**EXERCISE GOAL:**
Retype all of the listing exactly, with no pictures.

[[ COLLECTED DATA open ]]

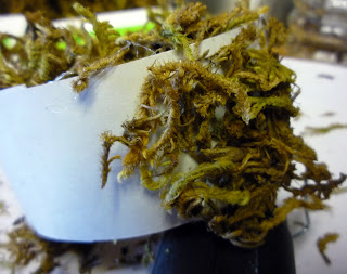 Working your way around the circle, put some hot glue on the cardstock and then press floral moss into it. Fill up all of the spaces both on the outside and the inside. When you are finished, it will resemble a nest. Place on the table runner.
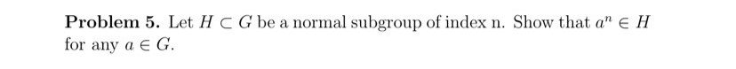 Problem 5. Let HC G be a normal subgroup of index n. Show that a&qu...
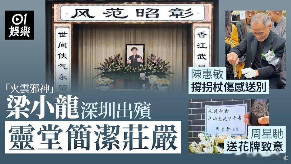 於70年代曾與李小龍、成龍、狄龍號稱「四龍」的著名武打明星梁小龍(原名梁財生),因心衰竭搶救6小時後安然離世,享年75歲,令廣大影迷感到悲痛和不捨。梁小龍喪禮今日(1月26日)在深圳龍崗舉行,好友陳惠敏撐著拐杖前來送別,而生前曾傳不和的周星馳也有送上花牌悼念。梁小龍生前低調,且看透生死,在他離世後,其社交平台繼續更新,貼文,相信是他的身邊人為梁小龍而發,貼文中說:「我到很遠很遠的地方拍電影去了。請原諒我不辭而別,就當我到很遠的地方拍電影去了,本想保密的,所以關門弟子像往常一樣發視頻,我喜歡有點神秘感。」而其生前經紀人兼弟子朱峻賢(丹尼)也有發出聲明,他指身為梁小龍的經紀人,本來是保持緘默:「師父是十四號病逝的,剛開始身邊只有一個親人,之後十分鐘又有兩人趕到,一小時後又有親人趕到。他堅持了七個小時,期間親人一直握著他的手。師父還是去了。師父多次和親人、近人以及我這個經紀人,談過他的生死觀,他說生死有命,他說他喜歡浪漫,如果有一天他不在了,希望大家覺得他到很遠的地方拍電影去了,有點神秘感。」梁小龍的喪禮今日(1月26日)在深圳龍崗殯儀館舉行。殯儀館內外擠滿前往送別的親友和影迷,靈堂內外也擺滿了花牌。從網民拍攝的片段所見,梁小龍的遺照放在靈堂正中央,家人亦遵從其生前意願,佈置一切從簡,靈堂顯示器上方寫著:「風範昭彰 」的白底黑字橫幅,兩旁則寫有:「香江武星今隕落」和「世間俠氣永留存」。據前往送別的網民透露,家人為了照顧影迷,特意開設兩個靈堂大廳,一個是開放給影迷與網民;另一個則供親友個徒弟們進行悼念。片段所見,到靈堂悼念的人絡繹不絕。老友陳惠敏即使行動不便,仍撐著拐杖現身,他戴上黑紗,在友人攙扶著進入靈堂,神情盡顯哀傷;另外,白彪、林威及黃夏蕙等,也有親自到場送別故友最後一程。至於曾因拍攝《功夫》而與梁小龍傳出不和的周星馳,亦送上花牌,並寫道:「永遠懷念 梁小龍先生千古,敬挽」。梁小龍見證了香港動作電影的興衰,早在1970年代就與李小龍、成龍、狄龍並稱「四龍」,1980年代,他於香港麗的電視劇《大俠霍元甲》演出劇中霍元甲大徒弟陳真,紅遍大江南北。後來梁小龍曾一度淡出香港娛樂圈轉戰商界,至2004年,他復出參演周星馳電影《功夫》,憑飾演終極反派「火雲邪神」,將其事業推上另一個高峰。

[[ COLLECTED DATA closed ]]

**EXPECTED OUTPUT:**
 Working your way around the circle, put some hot glue on the cardstock and then press floral moss into it. Fill up all of the spaces both on the outside and the inside. When you are finished, it will resemble a nest. Place on the table runner.
 Problem 5. Let HC G be a normal subgroup of index n. Show that a&qu...
 於70年代曾與李小龍、成龍、狄龍號稱「四龍」的著名武打明星梁小龍(原名梁財生),因心衰竭搶救6小時後安然離世,享年75歲,令廣大影迷感到悲痛和不捨。梁小龍喪禮今日(1月26日)在深圳龍崗舉行,好友陳惠敏撐著拐杖前來送別,而生前曾傳不和的周星馳也有送上花牌悼念。梁小龍生前低調,且看透生死,在他離世後,其社交平台繼續更新,貼文,相信是他的身邊人為梁小龍而發,貼文中說:「我到很遠很遠的地方拍電影去了。請原諒我不辭而別,就當我到很遠的地方拍電影去了,本想保密的,所以關門弟子像往常一樣發視頻,我喜歡有點神秘感。」而其生前經紀人兼弟子朱峻賢(丹尼)也有發出聲明,他指身為梁小龍的經紀人,本來是保持緘默:「師父是十四號病逝的,剛開始身邊只有一個親人,之後十分鐘又有兩人趕到,一小時後又有親人趕到。他堅持了七個小時,期間親人一直握著他的手。師父還是去了。師父多次和親人、近人以及我這個經紀人,談過他的生死觀,他說生死有命,他說他喜歡浪漫,如果有一天他不在了,希望大家覺得他到很遠的地方拍電影去了,有點神秘感。」梁小龍的喪禮今日(1月26日)在深圳龍崗殯儀館舉行。殯儀館內外擠滿前往送別的親友和影迷,靈堂內外也擺滿了花牌。從網民拍攝的片段所見,梁小龍的遺照放在靈堂正中央,家人亦遵從其生前意願,佈置一切從簡,靈堂顯示器上方寫著:「風範昭彰 」的白底黑字橫幅,兩旁則寫有:「香江武星今隕落」和「世間俠氣永留存」。據前往送別的網民透露,家人為了照顧影迷,特意開設兩個靈堂大廳,一個是開放給影迷與網民;另一個則供親友個徒弟們進行悼念。片段所見,到靈堂悼念的人絡繹不絕。老友陳惠敏即使行動不便,仍撐著拐杖現身,他戴上黑紗,在友人攙扶著進入靈堂,神情盡顯哀傷;另外,白彪、林威及黃夏蕙等,也有親自到場送別故友最後一程。至於曾因拍攝《功夫》而與梁小龍傳出不和的周星馳,亦送上花牌,並寫道:「永遠懷念 梁小龍先生千古,敬挽」。梁小龍見證了香港動作電影的興衰,早在1970年代就與李小龍、成龍、狄龍並稱「四龍」,1980年代,他於香港麗的電視劇《大俠霍元甲》演出劇中霍元甲大徒弟陳真,紅遍大江南北。後來梁小龍曾一度淡出香港娛樂圈轉戰商界,至2004年,他復出參演周星馳電影《功夫》,憑飾演終極反派「火雲邪神」,將其事業推上另一個高峰。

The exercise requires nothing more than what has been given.